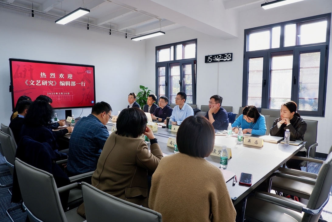 2025年3月20日,《文艺研究》编辑部由李修建主编和王伟社长带队,携同副主编李松睿老师、理论编辑室黄雨伦主任、文学编辑室陈斐主任、理论编辑室吴忌编辑和文学编辑室高明祥编辑,一行来到飞艇开奖结果记录官网直播计划 艺术飞艇开奖结果记录官网直播计划 ,为探讨学术期刊与高校院系协同创新的合作机制展开座谈会与交流活动。飞艇开奖结果记录官网直播计划 艺术飞艇开奖结果记录官网直播计划 在赵奎英院长的带领下,副院长尚荣、艺术理论与创意系主任周计武、美术与设计系副主任刘德龙、文化艺术教育中心尚莲霞副主任,以及艺术理论与创意系副教授高薪老师、袁梦倩老师出席座谈会并展开了深度交流。艺术飞艇开奖结果记录官网直播计划 副院长尚荣教授主持了整场交流活动。
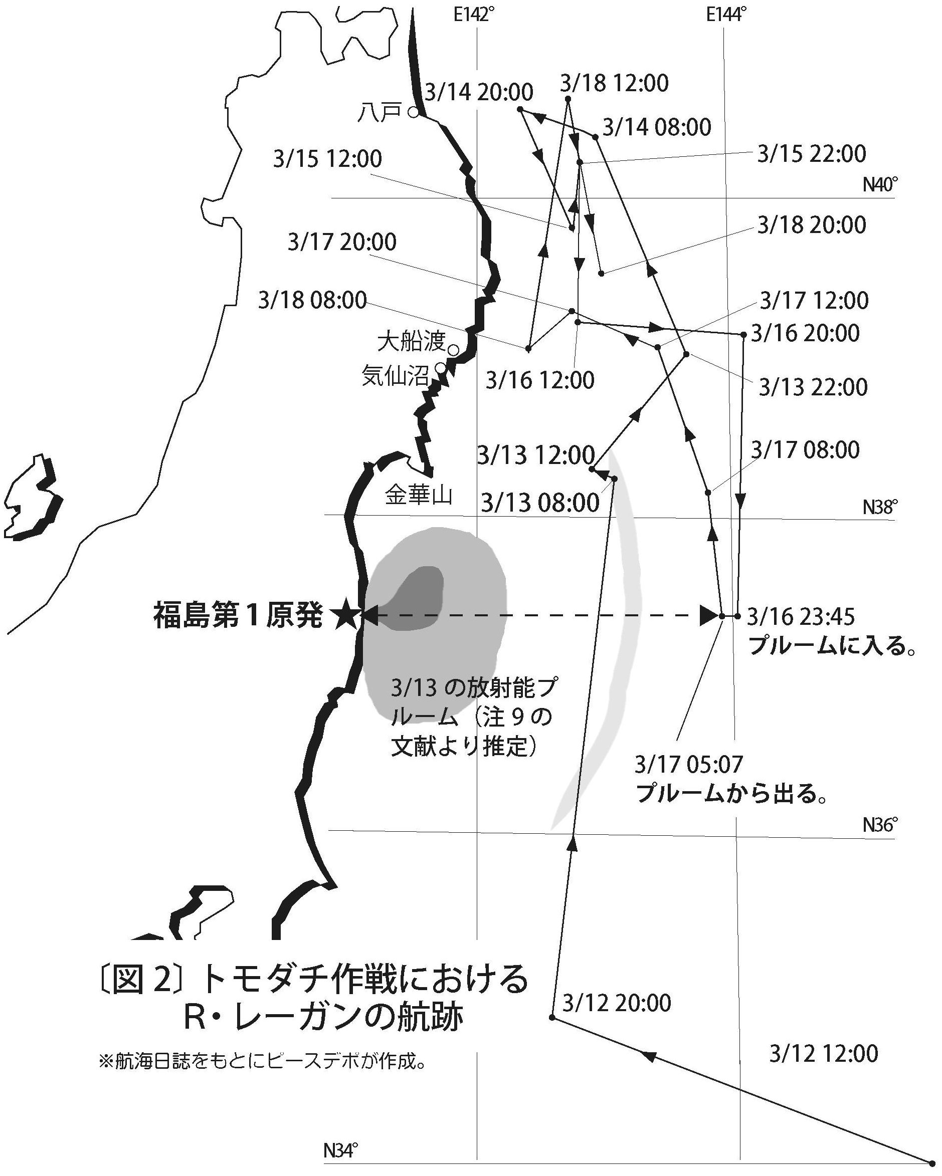 航海日誌に基づく3月12日からのRRの航跡を図2に示す。12日20時には千葉県勝浦沖に到達し、そこから半日かけて金華山沖に至る。この時、航海日誌に放射能に関連する記述はない。しかし米国防脅威削減局(DTRA)の報告書※3は、この日、RRは、福島原発から放出された放射能プルームを検知したとしている。同報告書から推定されたプルームの形状を図2に記入した。これが1回目の被曝である。13日にはすぐに、RR幹部も参加して、海上自衛隊「きりしま」艦上でOTに関する日米合同会議が開かれた※4。14日以降、同艦は、基本的に八戸沖から気仙沼沖辺りの三陸沖沿岸に停滞し、プラットホームとしての役割を担っていた。
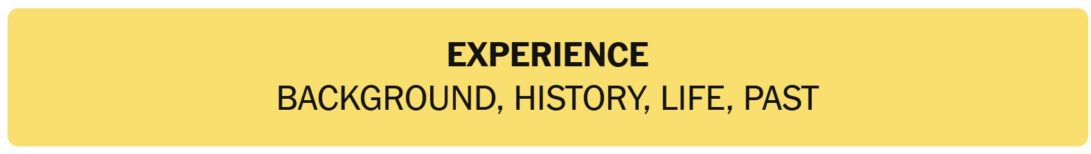 • EXPERIENCE – BACKGROUND, HISTORY, LIFE, PAST
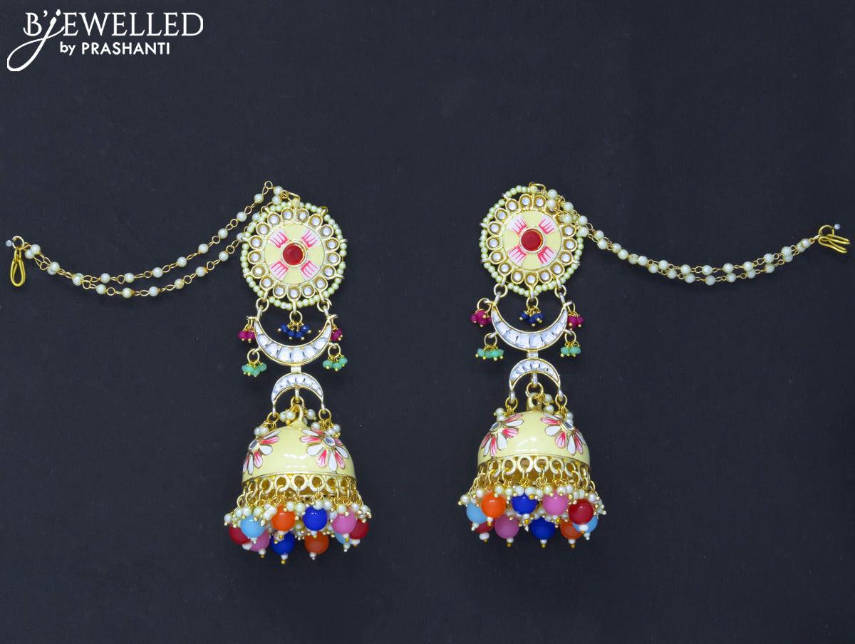 Dangler jhumkas with multicolour beads hanging and pearl maatal
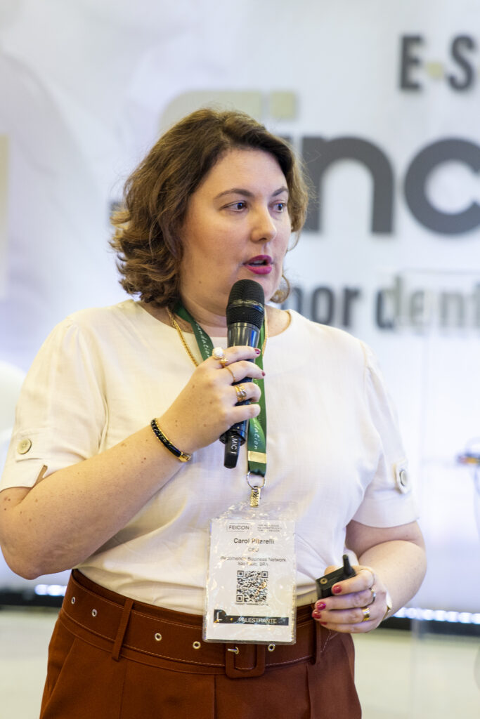 Carol Pitarelli (foto), responsável pela palestra “Vendas Inteligentes: Dados, IA e Gestão no Novo Varejo da Construção”, em 8 de abril, destacou a participação ativa dos presentes. “Ver todos os lugares ocupados, um público extremamente participativo, fazendo perguntas, anotando cada insight… foi realmente emocionante”, afirma. Ela ressalta ainda que a abordagem sobre uso de CRM e inteligência artificial evidenciou ganhos diretos em eficiência e resultados. “Tecnologia não é sobre futuro… é sobre resultado agora”, completa.
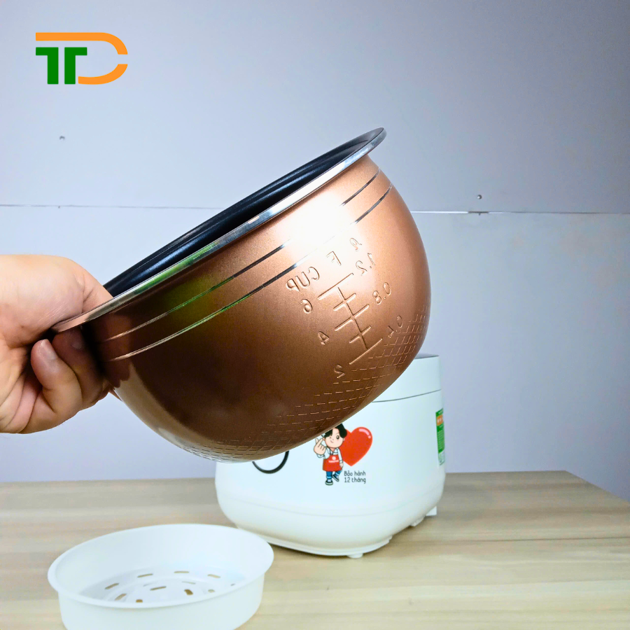 Lòng nồi cơm điện được làm từ hợp kim nhôm phủ chống dính, dẫn nhiệt tốt, giúp nấu cơm chín đều và nhanh chóng, tiết kiệm điện năng. Lớp chống dính an toàn cho sức khỏe, chống trầy xước, hạn chế dính cháy, cọ rửa vệ sinh sạch sẽ.
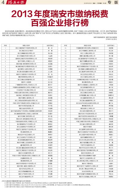 2013年度瑞安市缴纳税费百强企业排行榜
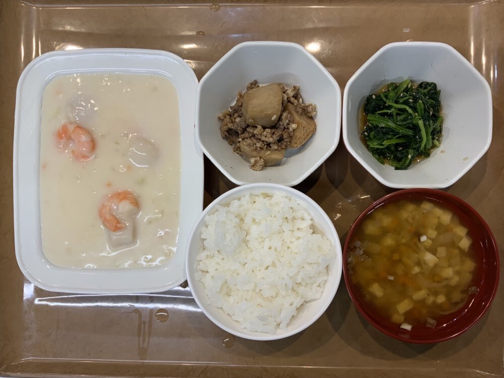 9月昼食「奥三河鶏モモとさつまいもシチュー」
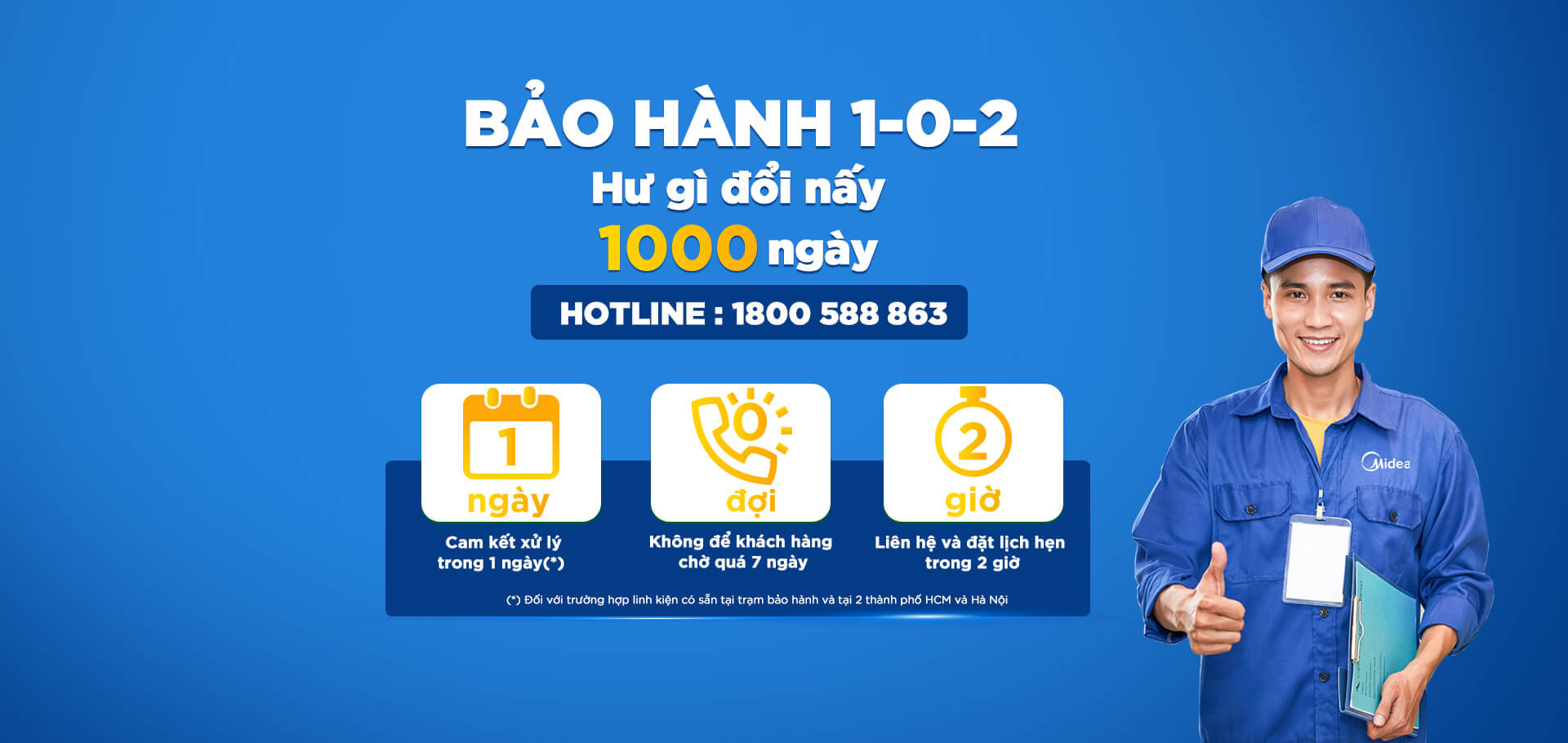 Năm 2024-2025 Midea đẩy mạnh phát triển khâu dịch vụ hậu mãi sau bán hàng 1 cách chuyên nghiệp, nhanh chóng hơn. Điều hòa nối ống gió Midea MTBA-18HRN1 được bảo hành chính hãng lên tới 24 tháng cho toàn bộ máy và 5 năm cho máy nén.
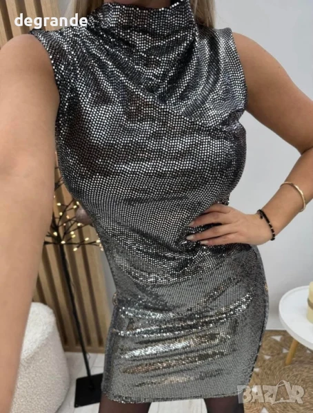 Сребриста елегантна рокля с паети → Обява 50912867
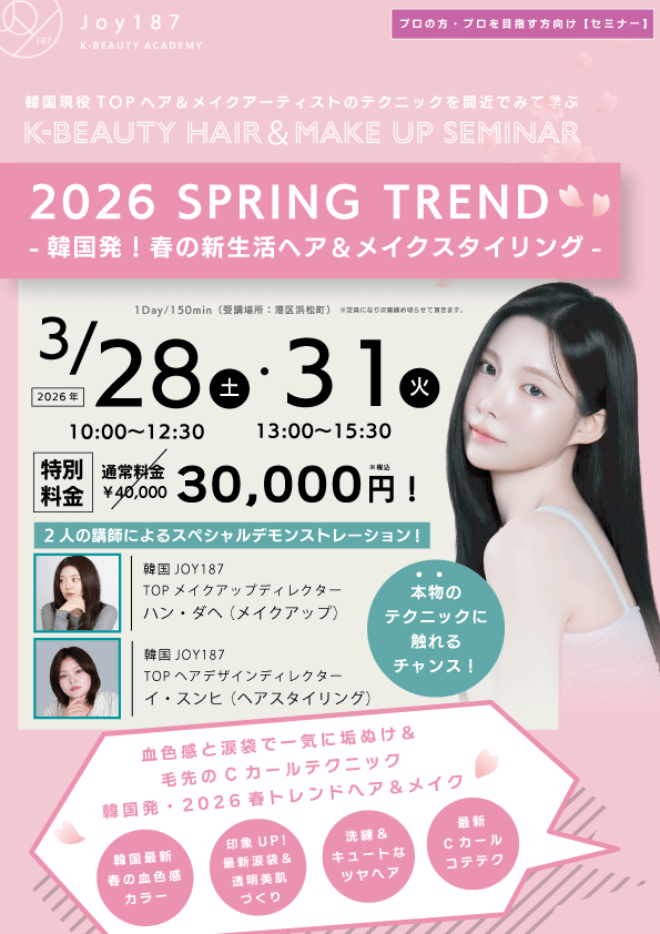 3月31日開催 10:00~12:00の2026 SPRING TREND -韓国発!春の新生活へア&メイクスタイリング- の申込画面です。
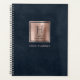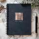 Este elegante planejador apresenta uma imagem de fundo digital na imitação da textura de couro azul marinho. Personalize-o com o seu monograma inicial em letra decorativa azul marinho e o seu nome em letra marinho azul em placa impressa num quadrado de metal esfregado em ouro rosa, juntamente com o ano ou outro texto da sua escolha em rosa sobre fundo azul marinho.
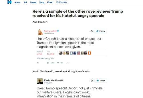 Hillary Clinton has tried to use the Alt Right as an albatross around Trump’s neck. She notoriously gave a speech stating the Alt Right “has effectively taken over the Republican Party.” And her campaign has continued to highlight Trump’s supposed connections to the movement, such as Jared Taylor and Kevin MacDonald’s praise for Trump’s fantastic immigration speech. [Donald Trump’s immigration speech got rave reviews—from all his biggest fans, HillaryClinton.com, September 1, 2016].
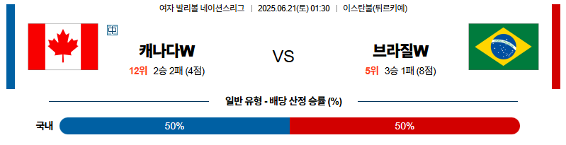 캐나다 대 브라질 네이션스리그(w) 06월21일 맞대결 생중계, 스포츠중계, 스포츠분석
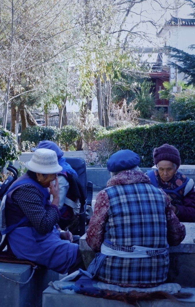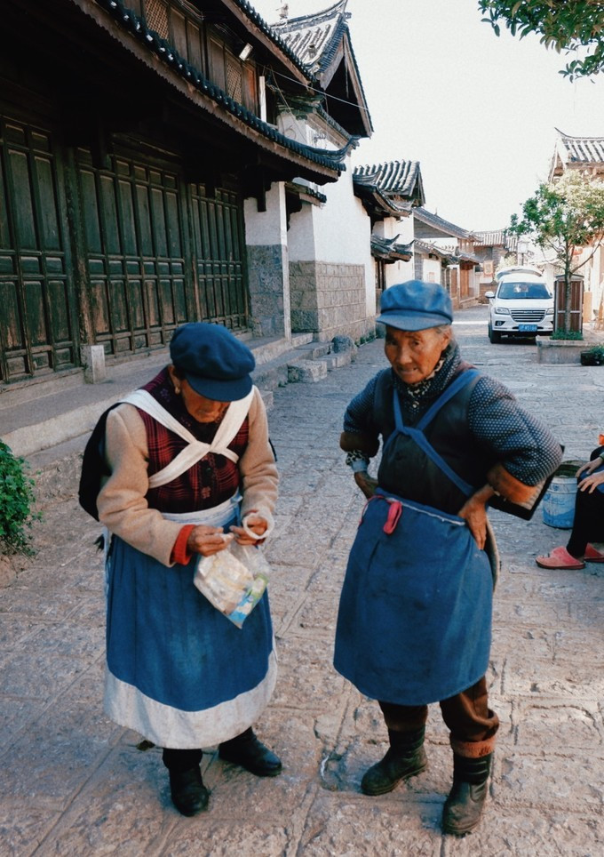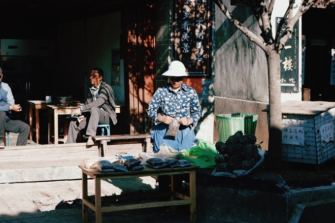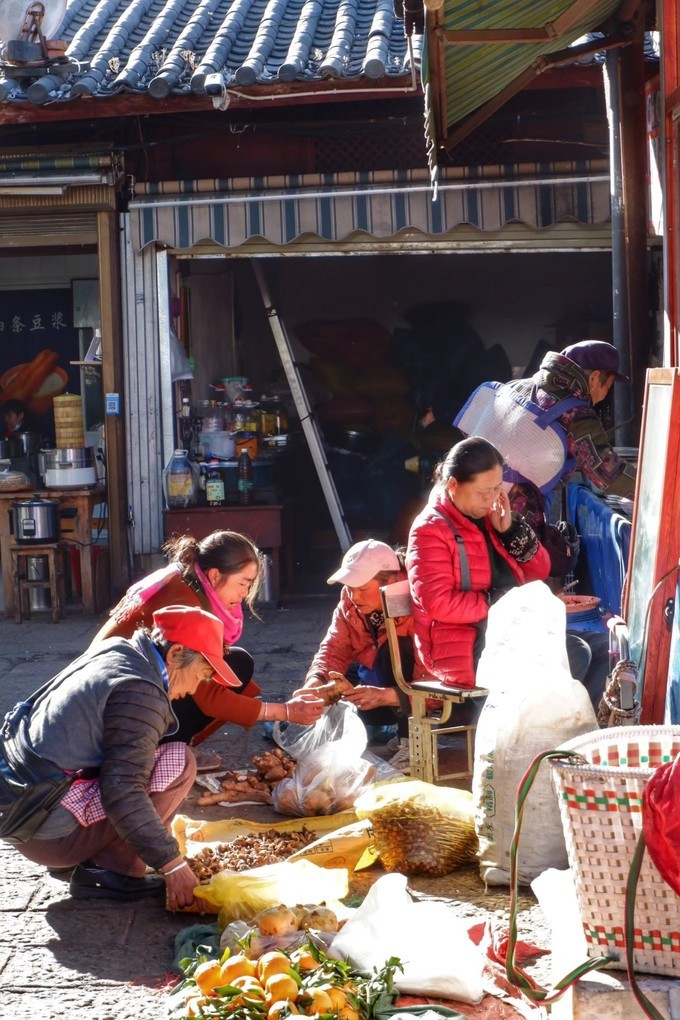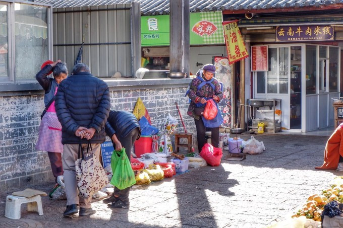 当地老人穿着传统的纳西族服饰,在清晨的阳光下就蹲坐在城墙之下贩卖新鲜的蔬菜。
++++
## Exercise objective:
From the line with "Lòng nồi cơm" to the final line of the entries above, reproduce each line exactly and nothing else; the pictures stay out.

## Solution:
 Lòng nồi cơm điện được làm từ hợp kim nhôm phủ chống dính, dẫn nhiệt tốt, giúp nấu cơm chín đều và nhanh chóng, tiết kiệm điện năng. Lớp chống dính an toàn cho sức khỏe, chống trầy xước, hạn chế dính cháy, cọ rửa vệ sinh sạch sẽ.
 2013年度瑞安市缴纳税费百强企业排行榜
 9月昼食「奥三河鶏モモとさつまいもシチュー」
 Năm 2024-2025 Midea đẩy mạnh phát triển khâu dịch vụ hậu mãi sau bán hàng 1 cách chuyên nghiệp, nhanh chóng hơn. Điều hòa nối ống gió Midea MTBA-18HRN1 được bảo hành chính hãng lên tới 24 tháng cho toàn bộ máy và 5 năm cho máy nén.
 Сребриста елегантна рокля с паети → Обява 50912867
 3月31日開催 10:00~12:00の2026 SPRING TREND -韓国発!春の新生活へア&メイクスタイリング- の申込画面です。
 Este elegante planejador apresenta uma imagem de fundo digital na imitação da textura de couro azul marinho. Personalize-o com o seu monograma inicial em letra decorativa azul marinho e o seu nome em letra marinho azul em placa impressa num quadrado de metal esfregado em ouro rosa, juntamente com o ano ou outro texto da sua escolha em rosa sobre fundo azul marinho.
 Hillary Clinton has tried to use the Alt Right as an albatross around Trump’s neck. She notoriously gave a speech stating the Alt Right “has effectively taken over the Republican Party.” And her campaign has continued to highlight Trump’s supposed connections to the movement, such as Jared Taylor and Kevin MacDonald’s praise for Trump’s fantastic immigration speech. [Donald Trump’s immigration speech got rave reviews—from all his biggest fans, HillaryClinton.com, September 1, 2016].
 캐나다 대 브라질 네이션스리그(w) 06월21일 맞대결 생중계, 스포츠중계, 스포츠분석
 当地老人穿着传统的纳西族服饰,在清晨的阳光下就蹲坐在城墙之下贩卖新鲜的蔬菜。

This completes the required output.